Ганс, докурив сигарету, ткнул окурок в цветочный горшок. Шлюстер осторожно взял остаток сигареты и выбросил в пепельницу.

— Сколько раз тебе говорили, чтобы ты не смел… Впрочем, к черту! — Шлюстер махнул рукой. — Значит, война?…

— С Россией… Это точно, отец. Так же точно, как мы сидим с Мартой здесь.

Все долго молчали.

— Когда ты уезжаешь?

— Сегодня в восемнадцать.

Снова долгое молчание. Было слышно, как капли дождя тихо и мерно стучали по окну. Прервала молчание Марта:

— Он не имеет права сражаться с русскими. Он не может и не должен участвовать в чудовищной авантюре Гитлера.

Это было сказано тихо, с непреклонной твердостью.

2

Шлюстер и Ганс вздохнули.

Шлюстер думал: «Давно уже сбылось пророчество, и вот я помогаю народу и его друзьям. Но что я могу сделать сейчас, сию минуту? Геббельс в своей статье прямо намекает на вторжение в Англию… Что я могу сообщить Петеру? Все это ему известно. Передать слова Ганса? Но чем он может подтвердить свои выводы? Что ему приказали попрощаться со мной, Мартой и Эммой? Конечно, это сильный довод, но ведь может быть и так, что Гансу просто предстоит долгая работа в Румынии? »
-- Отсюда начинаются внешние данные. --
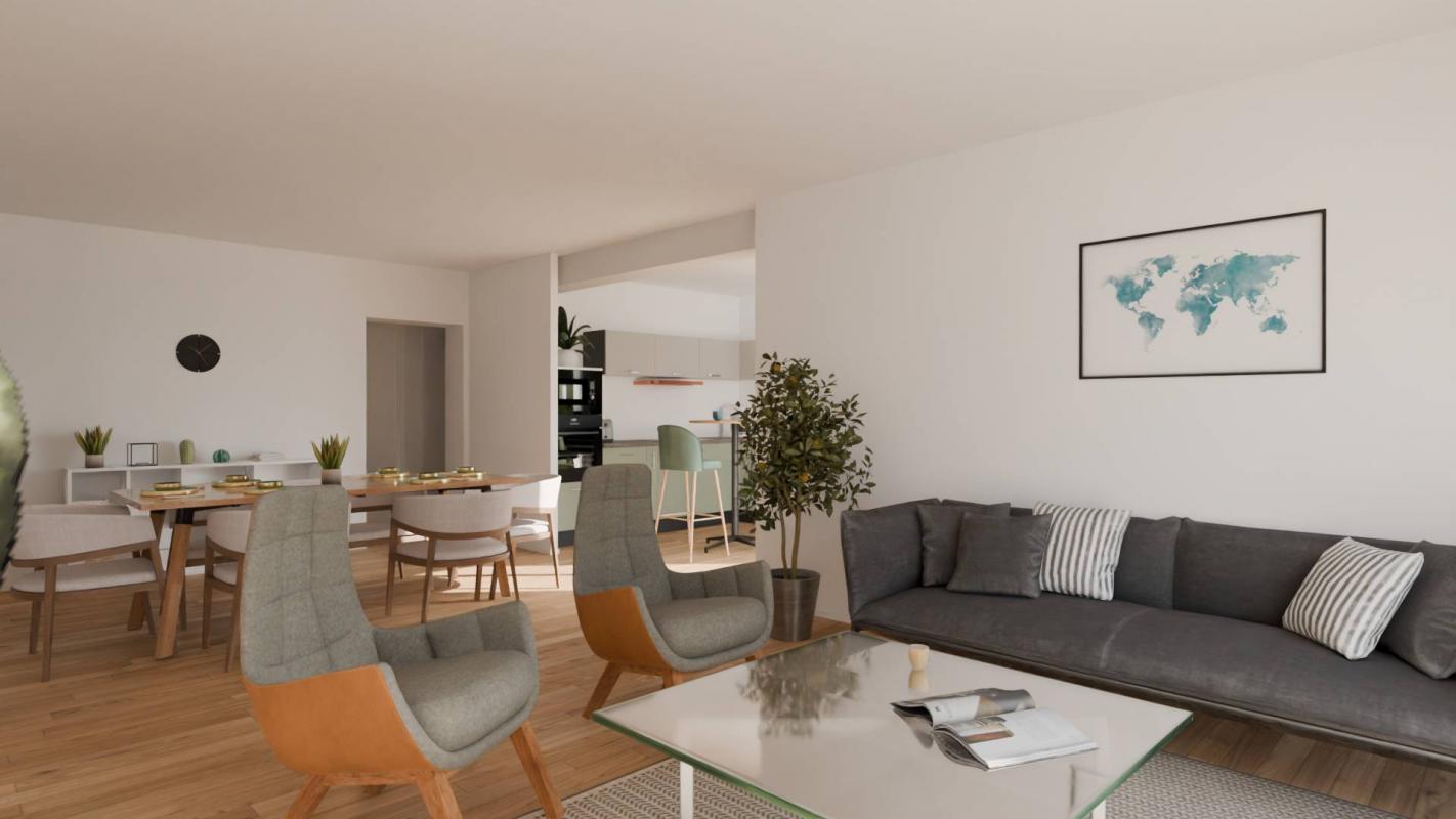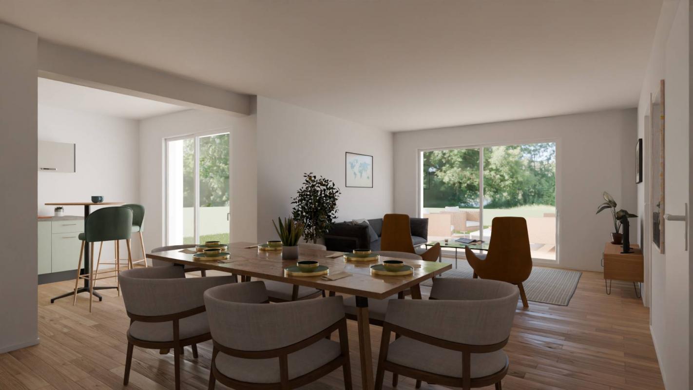 Maison moderne avec pièce de vie de 41 m² lumineuse et cuisine ouverte.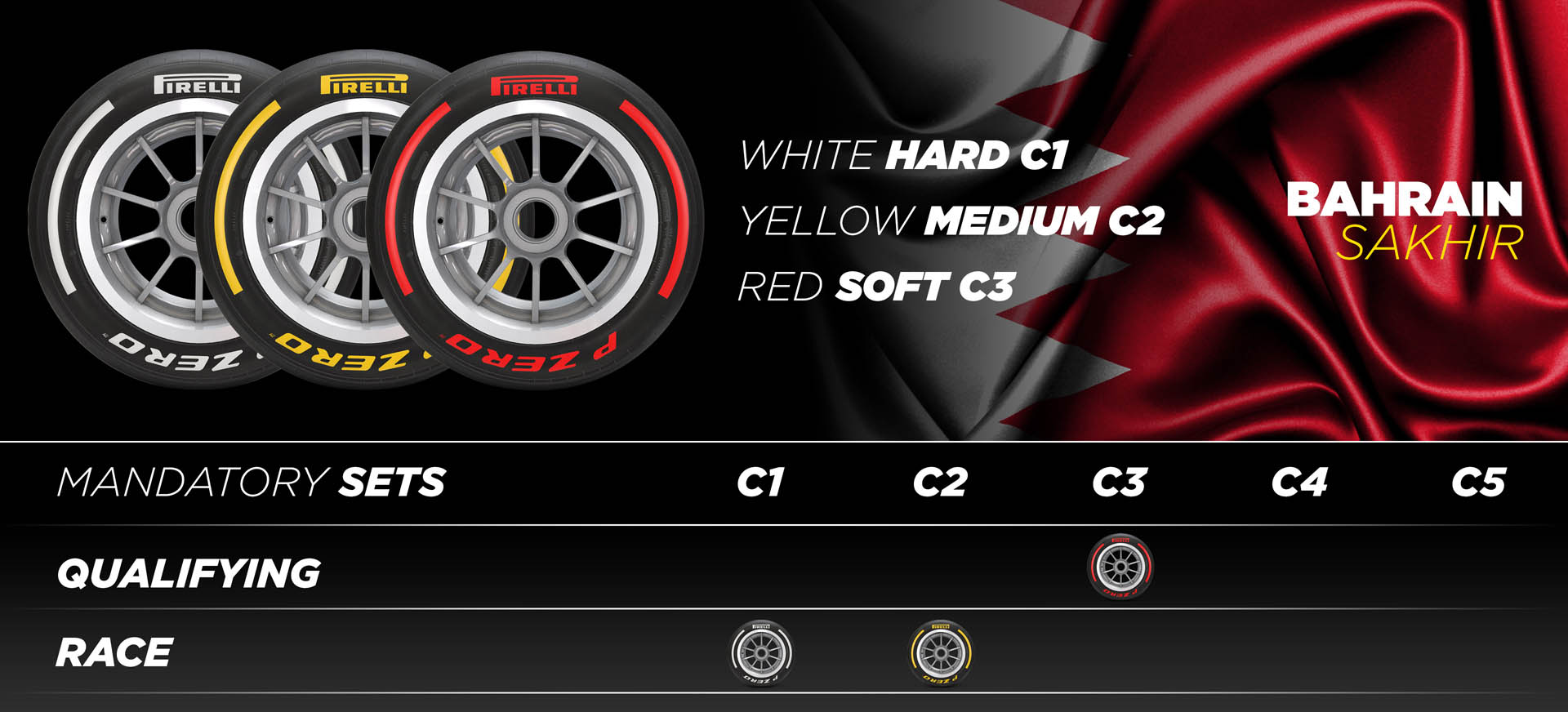Στους δύο αγώνες της Μέσης Ανατολής, θα χρησιμοποιηθούν τα ίδια ελαστικά με πέρυσι. Στο GP Μπαχρέιν, που θα πραγματοποιηθεί, από τις 29 Φεβρουαρίου έως τις 2 Μαρτίου, και είναι ένας από τους πιο δύσκολους αγώνες για τα ελαστικά, θα χρησιμοποιηθούν οι πιο σκληρές γόμες: C1, C2 και C3. Μια εβδομάδα αργότερα, στο GP Σαουδικής Αραβίας, τα ελαστικά θα είναι ένα βήμα πιο μαλακά: Η C2 θα λειτουργεί ως σκληρή, η C3 ως μέση και η C4 ως μαλακή.

Он обратился к сыну и спросил, действительно ли речь идет о войне. Или это только кажется Гансу?

Ганс передернул плечами.

— Наше управление расширено в три раза. Нас снабдили самой совершенной военной радиотехникой. Мы прошли инструктаж в условиях, близких к боевым. Правда, мы не знаем, да и кто это знает, кроме фюрера и еще десятка его приближенных, когда начнется поход. Но что он начнется, и очень скоро, в этом ни у кого из нас сомнений нет.

— Но, может, это опять очередная «утка»? Ты читал сегодняшний номер «Фелькишер Беобахтер»? — Шлюстер взял газету.

— Как? Он есть у вас? — удивилась Марта. — Но этот номер конфискован! Его вытаскивали прямо из наших сумок!

— Вот видишь, Ганс! Значит, Геббельс проболтался, действительно они готовят вторжение в Англию, а ваши перемещения — для отвода глаз.

— Нет! — решительно тряхнул головой Ганс. — На этот раз, отец, мы едем в Румынию, чтобы оттуда…

— …вломиться в Россию, — окончила за него Марта.

Шлюстер развел руками.

— Непонятно, — пробормотал он. — У меня голова идет кругом. Ну, ладно, допустим, ты прав. Марта, что бы ты посоветовала ему?

— Да ведь он не решится на это, — сумрачно ответила Марта.

Ганс вскинул на нее глаза и снова опустил. Он сидел, понурив голову, по лицу его пробегали тени. Что-то мучило его и не давало покоя, это было очевидно для Шлюстера.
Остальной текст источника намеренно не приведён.